Speaking to reporters for only the second time since a major pipeline spill was reported one week earlier, Wall said he was “a little hesitant” to answer a question about the safety of transporting fossil fuels. Instead, Wall said he wanted to focus on ensuring that there was an adequate response to the leak on a Husky Energy pipeline in the central part of Saskatchewan.

But Wall was critical about the oil company's response.

"There’s been a spill. And people are without water in Saskatchewan," Wall said. "No I'm not satisfied. I don’t think anybody should be. I don’t think Husky’s satisfied. They better not be.”

The leak, on the Calgary-based Husky's pipeline, has spilled up to 250,000 litres or 1,572 barrels near the town of Maidstone in the Canadian prairie province. Some of the heavy oil mixture spread along the North Saskatchewan River putting one town under a state of emergency and another facing threats to its drinking water supply for the next two months.

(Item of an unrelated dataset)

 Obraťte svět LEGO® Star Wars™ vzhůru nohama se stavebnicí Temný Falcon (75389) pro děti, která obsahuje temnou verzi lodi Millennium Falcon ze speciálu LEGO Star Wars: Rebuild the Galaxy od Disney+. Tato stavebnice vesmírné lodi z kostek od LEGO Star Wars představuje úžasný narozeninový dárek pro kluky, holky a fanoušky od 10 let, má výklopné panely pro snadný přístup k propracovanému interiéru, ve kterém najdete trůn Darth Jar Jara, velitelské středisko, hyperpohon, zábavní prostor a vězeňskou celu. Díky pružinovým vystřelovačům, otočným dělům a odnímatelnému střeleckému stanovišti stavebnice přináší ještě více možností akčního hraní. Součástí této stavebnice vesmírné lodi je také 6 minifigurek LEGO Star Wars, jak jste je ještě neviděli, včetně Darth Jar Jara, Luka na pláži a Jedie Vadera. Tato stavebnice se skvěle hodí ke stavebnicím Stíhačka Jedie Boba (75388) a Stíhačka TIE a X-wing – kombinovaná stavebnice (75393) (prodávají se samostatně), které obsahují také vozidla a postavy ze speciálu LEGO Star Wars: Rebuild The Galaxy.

The incident has already been cited by environmental activists warning about the dangers of accepting other pipeline projects such as TransCanada Corp.'s cross-Canada Energy East proposal. Conflicting statements raising questions about whether the company took hours to respond to the leak have also prompted criticism and skepticism from environmentalists.

In recent months, Wall has been one of the strongest voices in Canadian politics pushing for construction of new pipelines, which he says are urgently needed to create jobs and provide a boost to the country's slumping oil and gas industry.

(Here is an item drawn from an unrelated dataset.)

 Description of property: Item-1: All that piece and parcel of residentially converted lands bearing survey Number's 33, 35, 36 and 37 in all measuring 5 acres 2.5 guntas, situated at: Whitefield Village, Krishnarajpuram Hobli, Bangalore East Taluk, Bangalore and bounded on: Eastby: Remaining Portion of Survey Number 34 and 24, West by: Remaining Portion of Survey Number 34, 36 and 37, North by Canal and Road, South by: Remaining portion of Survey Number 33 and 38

Several industry stakeholders and government officials, including Alberta's NDP Premier Rachel Notley, have maintained that pipelines are safe, but Wall preferred to avoid the topic on Wednesday as he was pressed by reporters.

He also criticized news coverage from the previous week, suggesting that some media outlets had taken comments he made on Friday out of context by reporting that he was promoting pipelines in the wake of the spill. He said these journalists had not provided adequate context about him expressing concerns about the impacts of the spill, and that he wanted to avoid further confusion.

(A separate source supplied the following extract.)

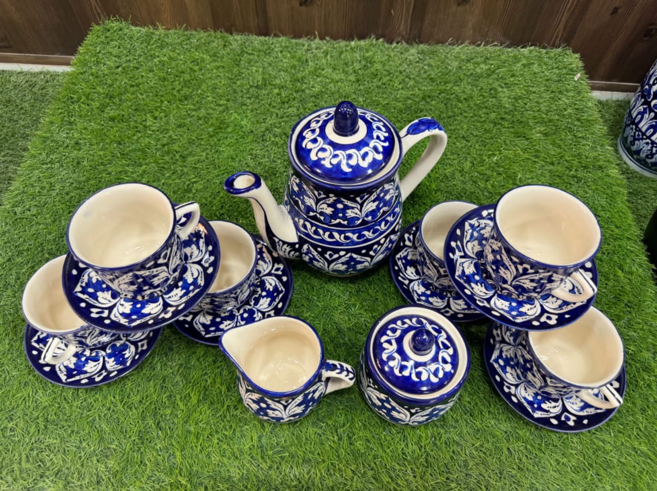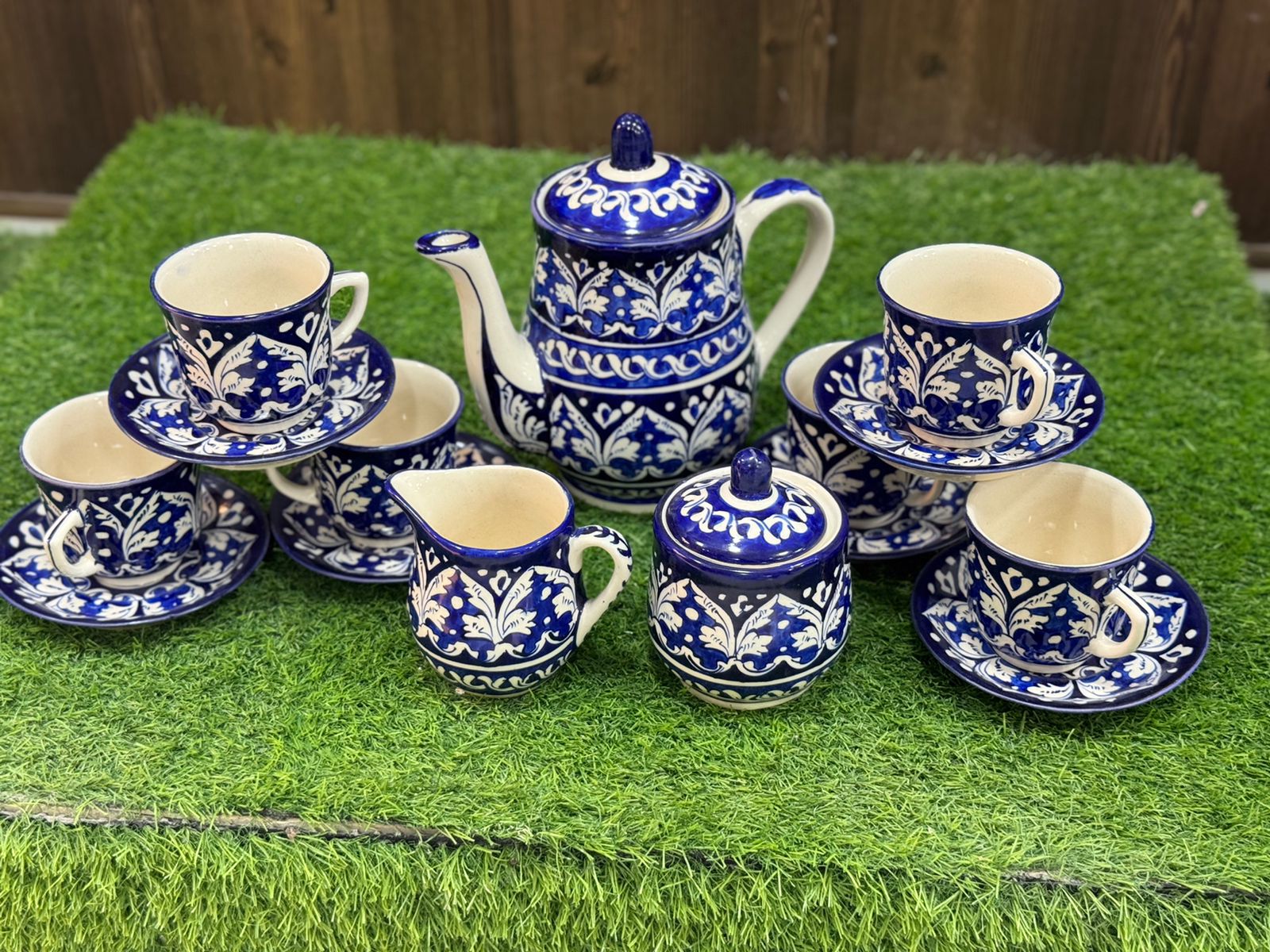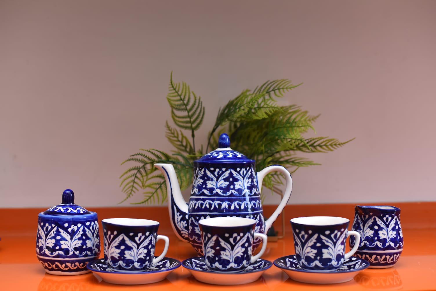 This elegant handcrafted ceramic tea set features a rich deep-blue base adorned with intricate white floral and vine motifs, giving it a classic and timeless appeal. The set includes a beautifully shaped teapot with a lid and curved spout, matching teacups with handles, coordinated saucers, a creamer jug, and a lidded sugar pot. Each piece is finished with a smooth glossy glaze, highlighting the fine hand-painted detailing and artisanal craftsmanship. Perfect for serving tea or coffee, this set adds sophistication to everyday tea time as well as special gatherings, making it both a functional serving set and a striking decorative centerpiece.

"We’ll get into the debate about pipelines versus rail or how we move oil across this country at a later date,” Wall said in Regina.

“The first duty is to respond, to make sure people have potable water. That’s got to be the immediate response for all of us.”

Wall, who is scheduled to visit the affected communities on Thursday, said Husky should take responsibility for covering revenues lost by local businesses - such as laundromats and car washes which can't operate due to water use restrictions - as a result of the pipeline spill.

“With respect to the financial situation, there are certain businesses in Prince Albert that have foregone operations," Wall said. "We also should be concerned about that there’s been business interruptions for a lot of small businesses. That’ll need to be a part of the cost to Husky as well.”

The company has already pledged to take financial and ecological responsibility for the spill.

Conflicting statements on when Husky leak started

An incident report says Husky discovered a pipeline leak on the south shore of the North Saskatchewan River around 8 p.m. last Wednesday.

The provincial government was notified of the spill near Maidstone around 10:30 a.m. the next day.

Husky vice-president Al Pate has also said that pipeline monitoring detected some irregularities Wednesday evening and crews were on site the next morning.

But the company later retracted that timeline in a statement released to the CBC. They said that at 8:00 p.m. they detected “pressure anomalies” during startup, not what they call a “pipeline release.”

They then said that they started shut-down procedures at 6:00 a.m. the following morning.

Saskatchewan plans thorough investigation of Husky leak

Deputy Minister at the Ministry of the Economy Laurie Pushor said he didn’t know if Husky had resubmitted its official report to the ministry. But he said that the company has shared some information to update the timeline of employee response to the incident.

Despite all of the conflicting statements, Pushor and Wall also both defended Husky, saying it had been transparent about how things unfolded.

And as far as Wall knew, “we were notified when they knew for sure there was a leak.” The premier added that he doesn’t have any evidence that Husky’s response to the spill was inadequate.

“I can’t put my finger on some egregious judgment they made,” Wall said.

Pushor, the deputy minister, also said that the government would take “appropriate actions” once the investigation is complete. For now, it was working on releasing an emergency response plan.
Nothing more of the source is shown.